TASK DIRECTIONS: Starting with the line that has "Water throughput BECODISC range" in the records below and stopping after the line that has "Figure 5 Earthen cocoon", output every line exactly and nothing else; skip pictures.

EXTRACTED MATERIAL:
_ _ _
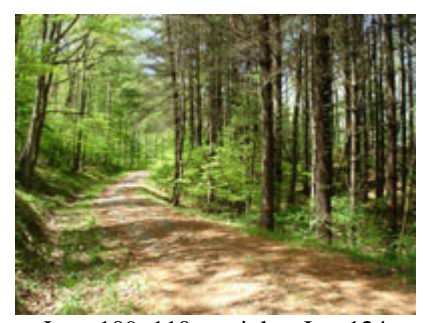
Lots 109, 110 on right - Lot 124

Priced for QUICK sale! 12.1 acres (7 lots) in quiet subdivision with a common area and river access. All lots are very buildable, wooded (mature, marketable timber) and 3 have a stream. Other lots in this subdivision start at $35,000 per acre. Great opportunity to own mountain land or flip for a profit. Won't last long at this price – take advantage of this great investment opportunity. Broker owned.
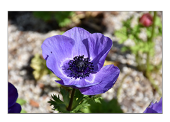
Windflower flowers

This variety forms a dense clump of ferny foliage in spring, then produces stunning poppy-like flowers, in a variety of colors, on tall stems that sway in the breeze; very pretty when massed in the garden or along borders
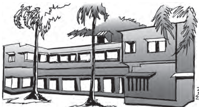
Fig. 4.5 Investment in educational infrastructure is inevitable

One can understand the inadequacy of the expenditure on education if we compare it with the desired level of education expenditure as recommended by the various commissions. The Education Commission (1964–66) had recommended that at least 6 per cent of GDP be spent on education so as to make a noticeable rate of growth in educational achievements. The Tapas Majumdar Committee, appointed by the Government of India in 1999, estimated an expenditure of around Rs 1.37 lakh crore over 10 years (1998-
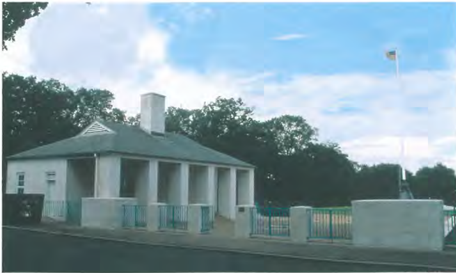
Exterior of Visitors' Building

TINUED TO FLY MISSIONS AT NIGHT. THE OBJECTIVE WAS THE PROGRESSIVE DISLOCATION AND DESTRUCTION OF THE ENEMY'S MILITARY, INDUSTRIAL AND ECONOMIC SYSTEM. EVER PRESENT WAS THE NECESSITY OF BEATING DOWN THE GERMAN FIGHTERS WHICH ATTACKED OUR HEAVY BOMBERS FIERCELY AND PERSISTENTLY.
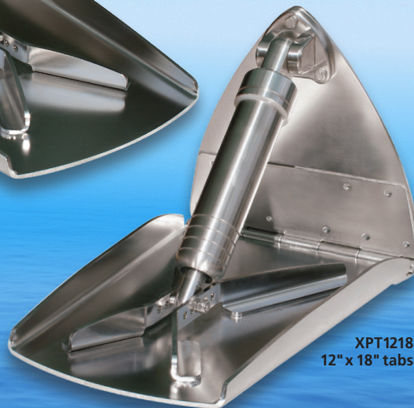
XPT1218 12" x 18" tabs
_ _ _
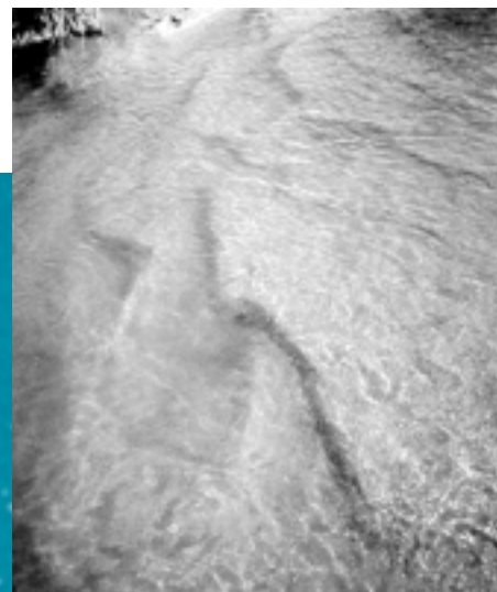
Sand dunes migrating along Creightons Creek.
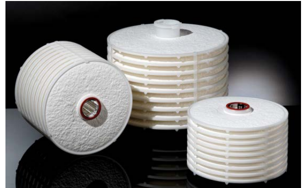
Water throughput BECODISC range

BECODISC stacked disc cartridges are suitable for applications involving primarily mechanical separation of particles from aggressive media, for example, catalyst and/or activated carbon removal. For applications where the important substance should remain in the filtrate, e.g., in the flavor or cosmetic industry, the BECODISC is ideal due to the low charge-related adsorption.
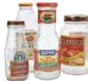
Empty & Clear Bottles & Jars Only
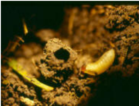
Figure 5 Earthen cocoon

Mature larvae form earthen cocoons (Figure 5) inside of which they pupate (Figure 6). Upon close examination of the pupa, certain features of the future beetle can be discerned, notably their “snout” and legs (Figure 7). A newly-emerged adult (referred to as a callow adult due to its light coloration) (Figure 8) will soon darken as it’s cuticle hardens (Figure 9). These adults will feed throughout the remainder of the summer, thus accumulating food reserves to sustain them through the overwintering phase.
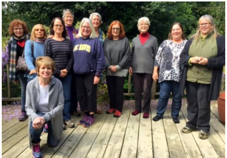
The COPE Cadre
_ _ _
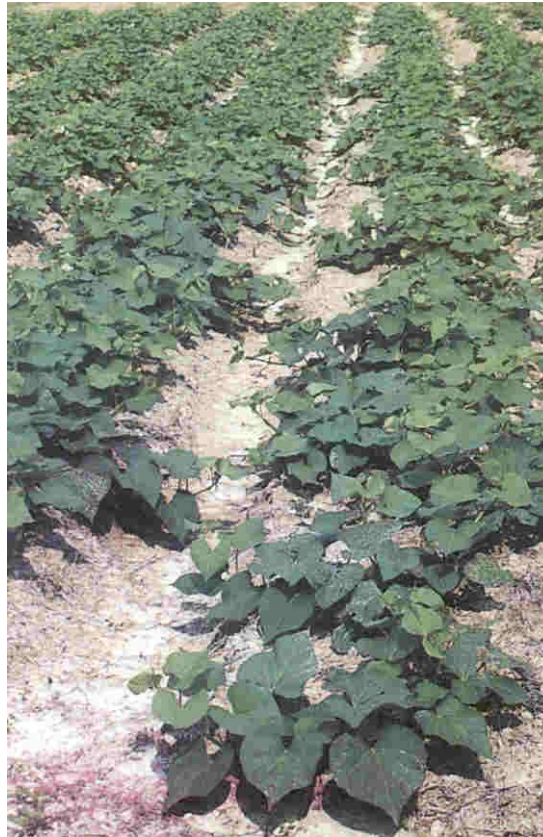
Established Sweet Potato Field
_ _ _
EXPECTED OUTPUT:
Water throughput BECODISC range

BECODISC stacked disc cartridges are suitable for applications involving primarily mechanical separation of particles from aggressive media, for example, catalyst and/or activated carbon removal. For applications where the important substance should remain in the filtrate, e.g., in the flavor or cosmetic industry, the BECODISC is ideal due to the low charge-related adsorption.
Empty & Clear Bottles & Jars Only
Figure 5 Earthen cocoon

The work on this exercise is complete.